In this, “Environmental Compliance” is a decisive change compared to classical French Tort Law, which still places liability and responsibility in Ex Post. Environmental Compliance translates the whole system into Ex Ante not only for a new efficiency but also for an alliance between Public bodies and Private entities. Even more, while the liability in Ex Post has a scope that does not coincide well with the object (the natural phenomenon being global, while Global Law rarely exists), Environmental Compliance is internalized in global enterprises and has the same scope: therefore the Environmental Compliance has the same outline as its object: global.

These simple and strong new principles were carried by French Law. This is notably the subject of the law of March 27, 2017 on the "duty of vigilance"[9]. Out of step with Company Law, this law is the first in the world to impose to enterprise  to be “vigilant” in Ex Ante, i.e. to prevent risks, notably "environmental risk" upstream of the production chain. This law is revolutionary.

In fact, it is a kind of "liability in Ex Ante", which poses an obligation for the enterprise to be active for the environmental safety, not only to be punish. This action in particular through risks mapping drawn up by the company to identify environmental risks and ensure that they shall not materialize. It is no longer a question of sanctioning an enterprise for a damage done, but on the contrary of asking it to increase its power, by educating[10], by alerting, by renouncing certain profits or certain actions, for satisfying directly the Monumental Goal of the environmental  general interest.

This law of 2017 creating this duty of action, which is a sort of constraint, is now perfectly completed by the law PACTE of 2019 creating the raison d’être: the enterprise may move in this sense by its own will, in the same direction of the Public Authorities.  The powerful legal and cultural convergence has created Environmental Compliance Law.

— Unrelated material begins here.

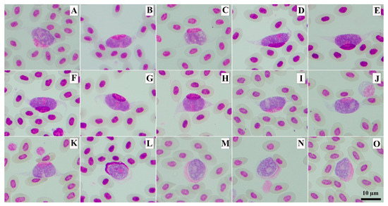 The photomicrographs of Leucocytozoon sp. macrogametocytes developed into fusiform host cells–parasite complexes (A–K) and roundish host cell–parasite complexes (L). Methanol-fixed and stained with 10% Giemsa solution. Leucocytozoon lineage GALLUS55 (K,O), GALLUS61 (A), GALLUS62 (I,M) and undescribed lineage (B–H,J,L,N).

In that, French Law develops Environmental Compliance, itself exemplary of general Compliance Law, when it is defined as its Monumental Goal of protecting human beings[11], is opening the way towards new effective rights[12]: for instance “the right for a pure environment”, rights being the primary and natural tool of Compliance, effectively protected by Courts.






[1] On the articulation on Sanctions and Compliance, s. Frison-Roche, M.A., Resolve the contradiction between “sanction” and “incentive” under the fire of Compliance Law, 2020 ; on the notion of “Incentive Compliance” which in very applicable about Environment, s. Frison-Roche, M.A., Compliance and Incentive: a couple to propel by the notion of “Incentive Compliance”, 2020.

[2] Frison-Roche, M.A., Compliance Law, 2016 ;

[3] On this definition of the “Monumental Goals”, S. Frison-Roche, M.A., Compliance Law, 20216 ; Building the unity of Compliance Tools by the definition of Compliance Law by its Monumental Tools  ,2020 ;  Compliance Monumental Goals, 2021.

[4] This very new articulation between Public bodies and private organizations has been the basis of what must be named “The adventure of Compliance Law”: Frison-Roche, M.A., The adventure of Compliance Law, 2020.

[7] By this way, it is possible to organize a public supervision without specific supervisory bodies, and to exercise it on enterprises which are not specifically regulated (for instance, industrial firms): see Frison-Roche, M.-A. (ed.), Regulation, Supervision, Compliance, 2017.

[8] Frison-Roche, M.A. (ed.), Compliance Tools, 2021.

[10] The public bodies, such as Regulatory and Supervisory Authorities have become “teachers” to obtain adequate behaviors for the environment protection, for instance through sustainable finance and responsible behaviors (see Frison-Roche, M.-A., Training, content and container of Compliance, 2020.

[11] Frison-Roche, M.-A. (ed.), Pour une Europe de la Compliance, 2019.